Huberman and Aperjis say this can be prevented by offering a high enough base price. Perhaps.
Such a market has an obvious downside for companies like
Facebook which exploit individuals’
private data for profit. If they have to share their profit with the owners of the data, there is less for themselves. And since Facebook will struggle to achieve the kind of profits per user it needs to justify its valuation, there is clearly trouble afoot.

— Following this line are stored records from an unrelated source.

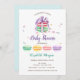 Este cartão de convite pastel é perfeito para uma festa de chá de fraldas em francês ou em Paris! Os convites apresentam cookies macaron em cores de água pastel.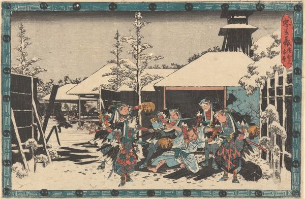 Curator: Here we have "Night Attack," a woodblock print in ink from c. 1843-1847 by Utagawa Hiroshige, found within the Minneapolis Institute of Art's collection. Editor: Brrr, just looking at this print makes me feel cold. All that snow, that huge moon, you can almost hear the crunch under their feet. The crisp detail—it really pulls you in. Curator: Indeed. Hiroshige captures the famous Ako vendetta, a pivotal event from 1703, steeped in samurai ethos, duty, and revenge, but presents it in the familiar ukiyo-e landscape style. Editor: Samurai as subject, but made for the masses. I wonder if Hiroshige felt a tension between these popular sensibilities and such a culturally weighty topic. Do you think the dramatic lighting plays on those heroic themes, Curator? Curator: Good question! Yes, certainly, I'd say. He's presenting it for popular consumption while carefully nodding towards historical painting. Think of that glowing moon, or the way he articulates this very still drama on the attack—quite romanticized when we account for the stark history of the event. Also observe how those very snowy pines in Japan serve the function of a classical, European frieze frame. It’s strategic in making the familiar alien and vice versa. Editor: Alien and familiar… Right! Because despite the snow and historical context, the layout of this scene seems so simple, you know? Action right up front, almost no depth beyond that middle ground. But what really stays with me is the movement. The warriors seem determined, but also so composed in spite of it all! It makes me think of some kind of… frozen ballet, somehow. The dog only adds more frantic motion! Curator: The choreography adds another layer to interpreting ukiyo-e beyond what meets the eye. He invites audiences to appreciate art as political statement. The figures become more dynamic and less stoic within this piece, even when it is a historical re-enactment. Editor: So much tension under a deceptively serene, snow-covered surface. I guess history and humanity can be so beautiful. Curator: Precisely. Night Attack isn't merely a scene, it is a dialogue, a dance between past and present, valor and its human costs.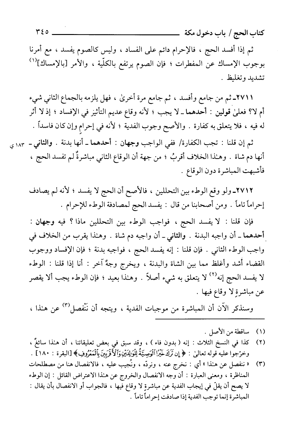 وسنذكر الآن أن المباشرة من موجبات الفدية، ويتجه أن نَنْفصل (3) عن هذا،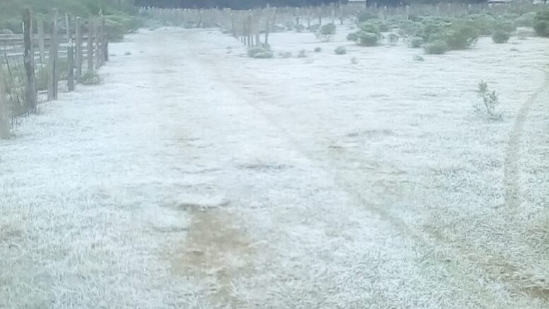 La mañana de hoy se registraron las temperaturas más bajas del estado en la comunidad de la trinidad en el municipio de Xilitla , donde por segunda vez en lo que va del año se registra la caída de escarcha y hielo en las partes altas de la sierra .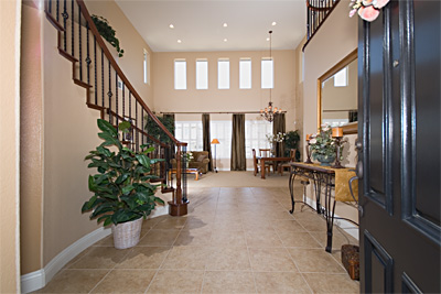 | Front - Two car garage - Landscaped garden | Tile entry - Double high ceilings |

Of course, Facebook may decide on an obvious way out of this conundrum—to not pay individuals
for their data. But that creates an interesting gap in the market for a social network that does pay a fair share to its users (perhaps using a different model [than] Huberman and Aperjis’).
Is it possible that such a company could take a significant fraction of the market? You betcha! Either way, Facebook loses out—it’s only a question of when.
All of these arguments are made inside an assumption: that the value of personal data is best measured in money.
Sound familiar?
To me this is partying like it’s 1999.
That was when Eric S. Raymond published The Magic Cauldron
(http://www.catb.org/~esr/writings/
homesteading/magic-cauldron), in which he visited “the mixed economic context in which most open-source developers actually operate”. In the chapter “The Manufacturing Delusion”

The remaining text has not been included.